→ **MATERIAL PROVIDED**:
-- Opening Marker --
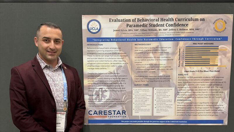 Exciting news! Jameel Sylvia, MPA, NRP, Director of Paramedic Programs at UCLA, won Best Poster and Best Oral Presentation in Education at EMS World Expo 2025 for research advancing mental health response in EMS.
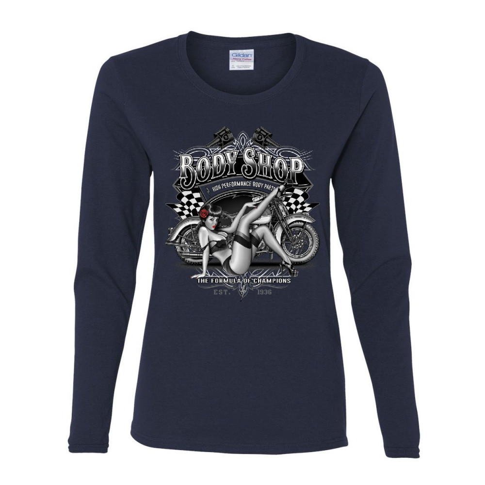 RETRO BODY SHOP women's long sleeve tee chopper sexy pin-up girl route 66 biker navy blue
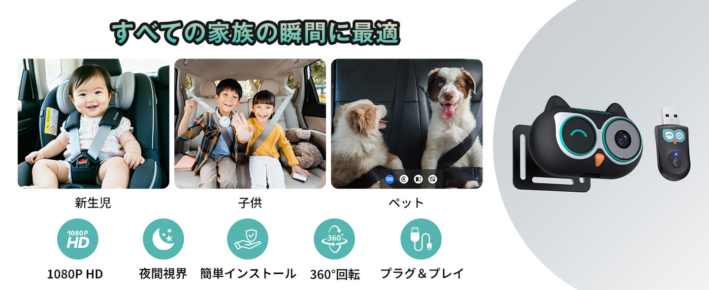 また、150°の広角レンズを組み合わせることで、後部座席の細かな表情から車内全体の動きまで、幅広くカバー。ドライブ中の「気になる」を確実にサポートします。
-- Closing Marker --
→ **WHAT YOU NEED TO DO**:
The answer should consist only of the lines from the line with "RETRO BODY SHOP" through the last line of the data, repeated exactly; pictures stay out.

→ **RESULT**:
 RETRO BODY SHOP women's long sleeve tee chopper sexy pin-up girl route 66 biker navy blue
 また、150°の広角レンズを組み合わせることで、後部座席の細かな表情から車内全体の動きまで、幅広くカバー。ドライブ中の「気になる」を確実にサポートします。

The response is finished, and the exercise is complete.